Copy out only the lines running from the one that contains "个股表现方面,造纸行业当日领" through the end of the listing. Pictures stay out.

MATERIAL PROVIDED
◆ ◆ ◆ ◆
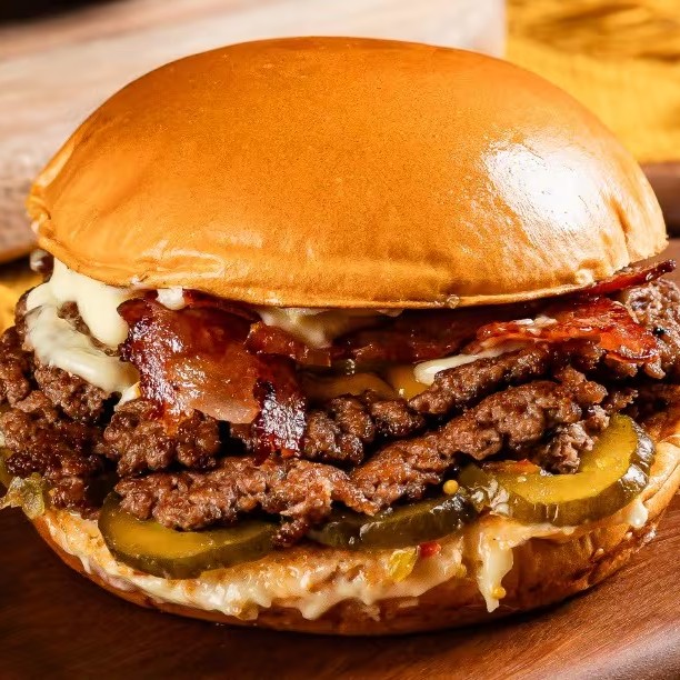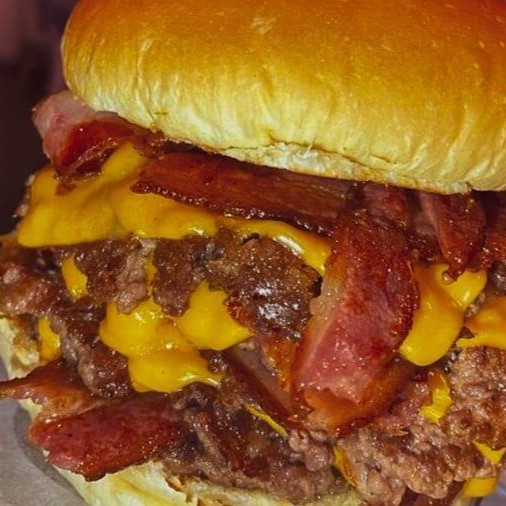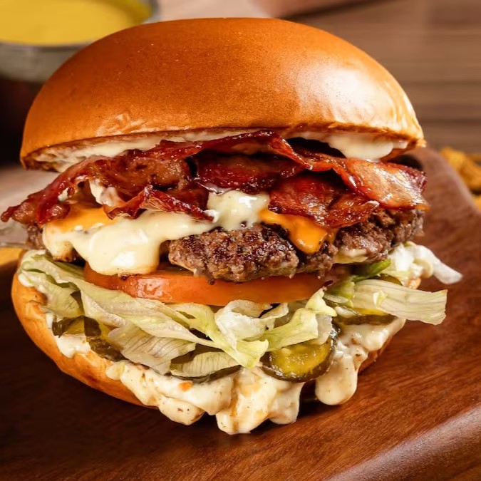 Pão de Brioche, Tostado na Chapa, 3x Carnes Smash, Queijo Cheddar em Fatias, Bacon em Fatias, Cebola, Ketchup, Mostarda, Picles Artesanal e Maionese Especial da Casa.
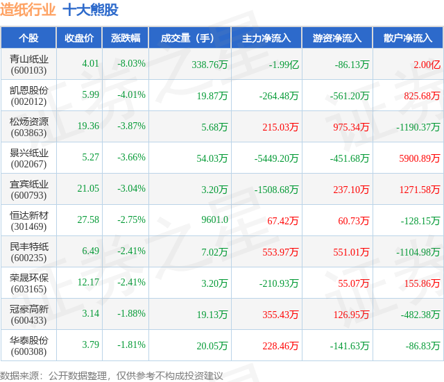 个股表现方面,造纸行业当日领跌股为青山纸业(600103),该股当日报收4.01,下跌8.03%,成交量338.76万,主力资金净流出1.99亿元。凯恩股份(002012)以下跌4.01%紧随其后,该股当日成交量19.87万,主力资金净流出264.48万元。除此之外,松炀资源(603863)、景兴纸业(002067)、宜宾纸业(600793)均进入当日熊股之列。具体个股列表见下表:
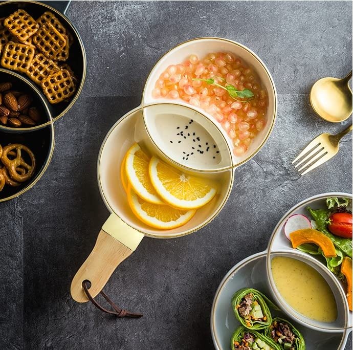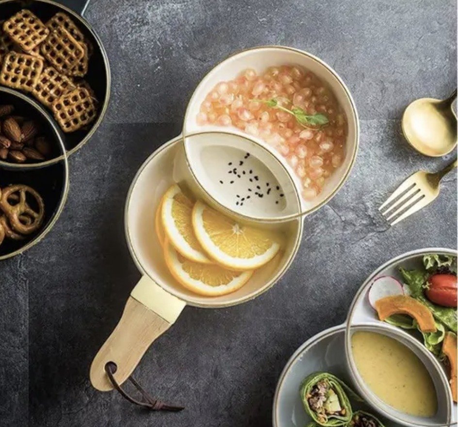 ChicNibble Ceramic Set - Stylish Duo Snack Bowls with Wooden Handle
◆ ◆ ◆ ◆
REPLY
 个股表现方面,造纸行业当日领跌股为青山纸业(600103),该股当日报收4.01,下跌8.03%,成交量338.76万,主力资金净流出1.99亿元。凯恩股份(002012)以下跌4.01%紧随其后,该股当日成交量19.87万,主力资金净流出264.48万元。除此之外,松炀资源(603863)、景兴纸业(002067)、宜宾纸业(600793)均进入当日熊股之列。具体个股列表见下表:
 ChicNibble Ceramic Set - Stylish Duo Snack Bowls with Wooden Handle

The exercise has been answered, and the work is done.